Van Senten said the current state of seafood markets calls for automation and more precise handling of inventory and stock on aquaculture farms. “This technology could provide a way to maximize inventory to ensure that farmers are getting 100% of the market-ready product and not harvesting anything that is not ready to be sold.”
The first step is for the research group to take successful models and technologies and adapt them to meet the harsh aquatic environments such as corrosive saltwater, currents, storms and shellfish predators. Van Senten will analyze the economic viability of these new technologies for shellfish farmers in the Chesapeake Bay.
Heather Lusk, vice president of H.M. Terry Co. LLC, said oysters are hand-counted on her family’s shellfish farm on Virginia’s Eastern Shore, and an automated system would help the operation reduce labor costs and be more cost-effective.

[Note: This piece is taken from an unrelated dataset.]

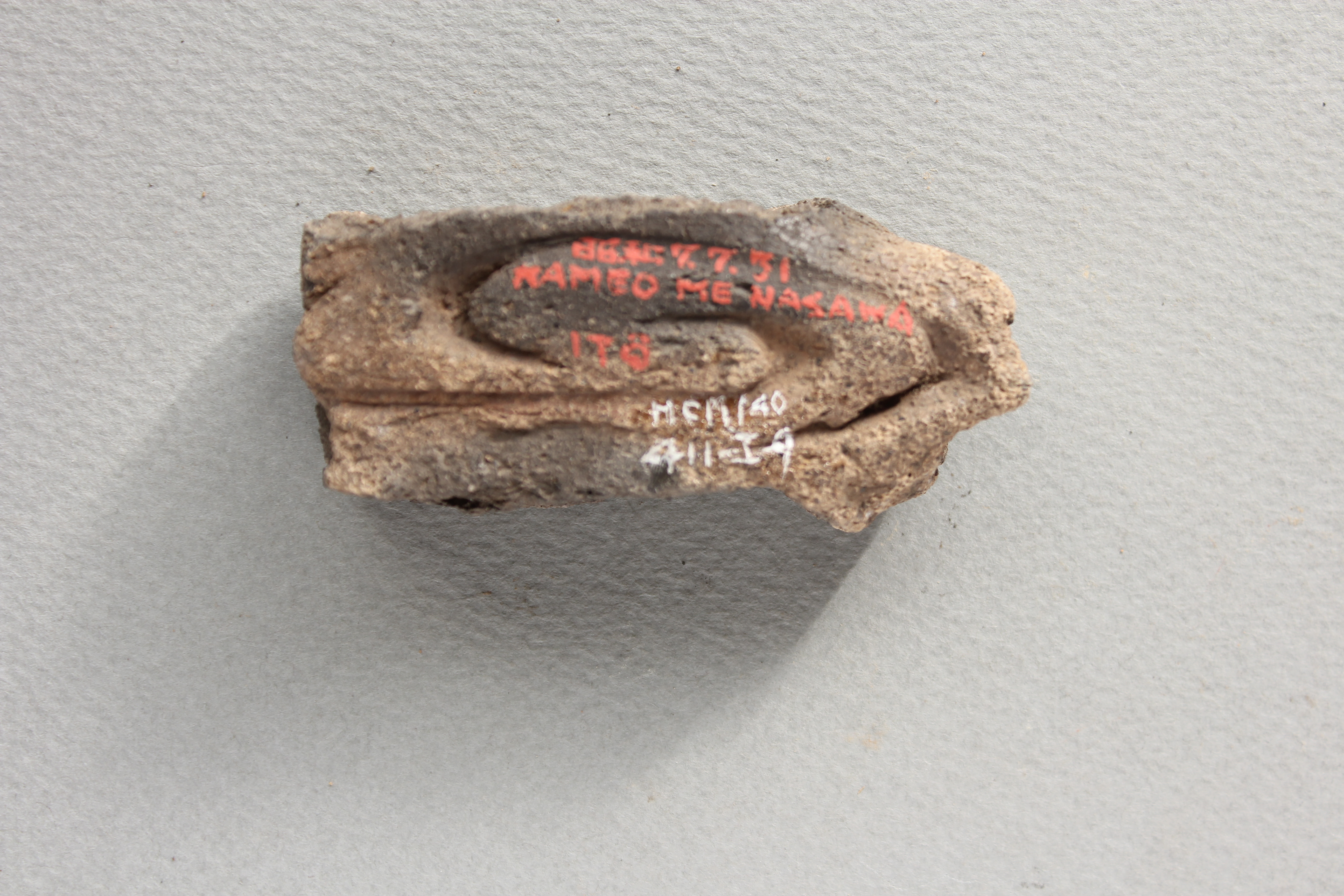 目録では土製品。X字状土偶の脚部とみられる。入組み文、下部に二本一組の沈線紋。

Lusk, who also sits on the boards of the Virginia Aquaculture Advisory Board and the Shellfish Growers of Virginia, added that the USDA-funded research will benefit many of Virginia’s aquaculture producers.
In addition to economic benefits, van Senten expects environmental benefits as well. For example, he said dredging, a current harvesting processes for shellfish, relies on casting a net or cage and dragging it across the bottom of a body of water, catching buried shellfish. This process could be harmful for the health of shellfish habitats.
The technology to be developed by this grant, such as underwater drone monitoring, could allow for targeted harvests and improved success rates that can help protect underwater ecosystems.